Metal terminator - gallium

What kind of element is gallium?

Gallium is in Group IIIA of the fourth period of the periodic table of elements. The melting point of pure gallium is very low, only 29.78°C, but its boiling point is as high as 2204.8°C. In summer, most of it exists in liquid form and can be melted in the palm of your hand. From the above properties, we can understand that the reason why gallium corrodes other metals is precisely because of its low melting point. When liquid gallium forms an alloy with other metals, we can see the magical phenomenon mentioned above. Its content in the earth's crust only accounts for about 0.001%. It was not until 140 years ago that humans discovered its existence. In 1871, when summarizing the periodic table of elements, the Russian chemist Mendeleev predicted that after zinc, aluminum would There is also an element below that has similar properties to the aluminum element, which is called an "aluminum-like element". In 1875, while studying the spectral line patterns of metal elements of the same family, the French scientist Bois-Baudran discovered a strange light band in sphalerite (ZnS), thus finding this "aluminum-like element" and then using his own Named after its motherland, France (Gaul, Latin Gallia), the symbol is Ga to represent the element. Therefore, in the history of chemical element discovery, gallium became the first element to be predicted and then confirmed in experiments.
"Navigator" in the electronic information age
Gallium itself is not a semiconductor, but a series of gallium-based compounds formed with arsenic, nitrogen, selenium, tellurium, phosphorus, antimony and other metals and non-metals are all high-quality semiconductor materials and are important materials for the development of microelectronic devices and optoelectronic devices. It can even be said that gallium leads the development direction of semiconductor materials and is the navigator of the electronic information era.

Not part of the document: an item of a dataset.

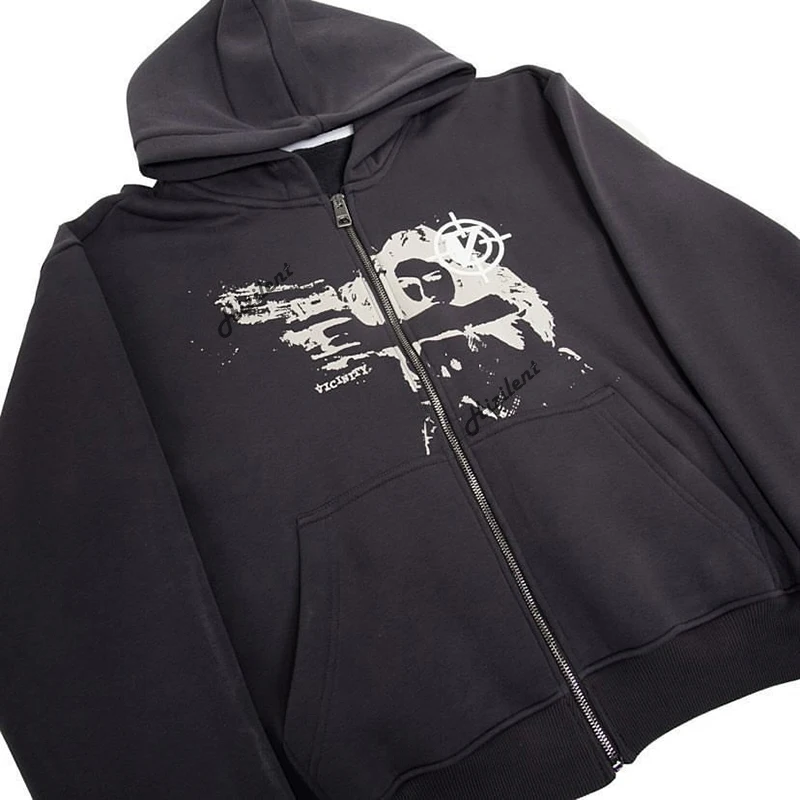 Черная толстовка с капюшоном на молнии и длинным рукавом, Y2k
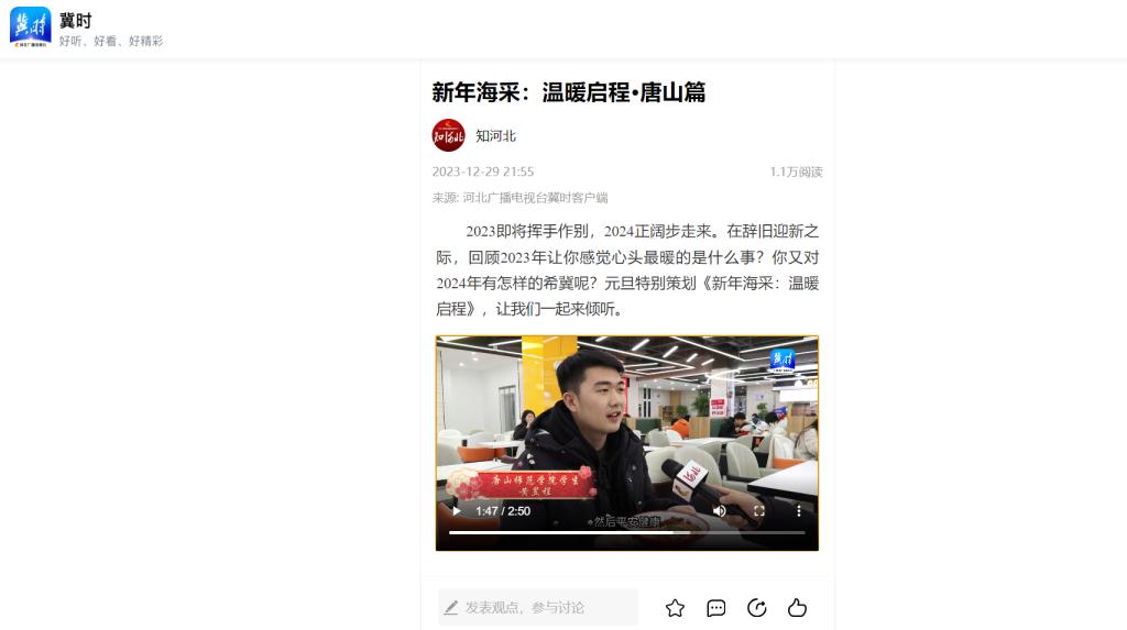 我校學子在河北新聞聯播、冀時媒體平臺為大家送新年祝福。

Gallium arsenide (GaAs) is a representative of the second generation of semiconductor materials. It is known as the "semiconductor aristocrat" because of its high price. It has the advantages of high frequency, high speed, high temperature resistance, good low temperature performance, low noise and strong radiation resistance. , so it occupies a major position in the field of microelectronic devices. Gallium arsenide has the ability to double as a semi-insulating material and a semiconductor material. Semi-insulating gallium arsenide materials are mainly used in radar, satellite television broadcasting, microwave and millimeter wave communications, wireless communications and optical fiber communications; semiconductor gallium arsenide materials are mainly used in optical communication active devices (LD), semiconductor light-emitting diodes ( LED), visible light lasers, near-infrared lasers, quantum well high-power lasers and high-efficiency solar cells and other optoelectronic fields. In addition, gallium arsenide plays an important role in the military field and is mainly used in radar, electronic warfare, satellite communications, etc., of which the proportion of radar applications is about 60%.

Gallium nitride (GaN) is an important third-generation semiconductor material with unique electromagnetic and optical properties such as high stability, high hardness, wide energy gap and high melting point. It is currently one of the most advanced semiconductor materials in the world. . The mobile phone fast charger mentioned at the beginning of this article is the application of gallium nitride in the field of fast charging. With the advantages of higher power, smaller size, and better heat dissipation, gallium nitride chargers can easily achieve high power in a small size and have gradually become the new favorite in the charger industry. Currently, the military and aerospace fields account for 40% of the total GaN device market, and the largest application market is still radar and electronic warfare systems. The high-brightness blue light-emitting diode developed based on GaN by Isamu Akasaki and Hiroshi Amano of Nagoya University in Japan and Shuji Nakamura of the University of California, Santa Barbara in the United States is an important breakthrough in the field of new energy-saving light sources and laid the foundation for the research of white light LEDs. The results also won the 2014 Nobel Prize in Physics.

Gallium oxide (Ga2O3) is a typical representative of the fourth generation of semiconductors and is even called the "new star in the semiconductor sky". As an emerging power semiconductor material, with its wider bandgap and excellent luminescence properties than the third-generation semiconductor materials silicon carbide (SiC) and gallium nitride (GaN), it has application advantages in the field of high-power and optoelectronic devices. increasingly obvious. In recent years, breakthrough progress in gallium oxide crystal growth technology has greatly promoted the research of related thin film epitaxy, high-brightness ultraviolet LED and other devices, and has become an international research hotspot in the field of ultra-wide bandgap semiconductors.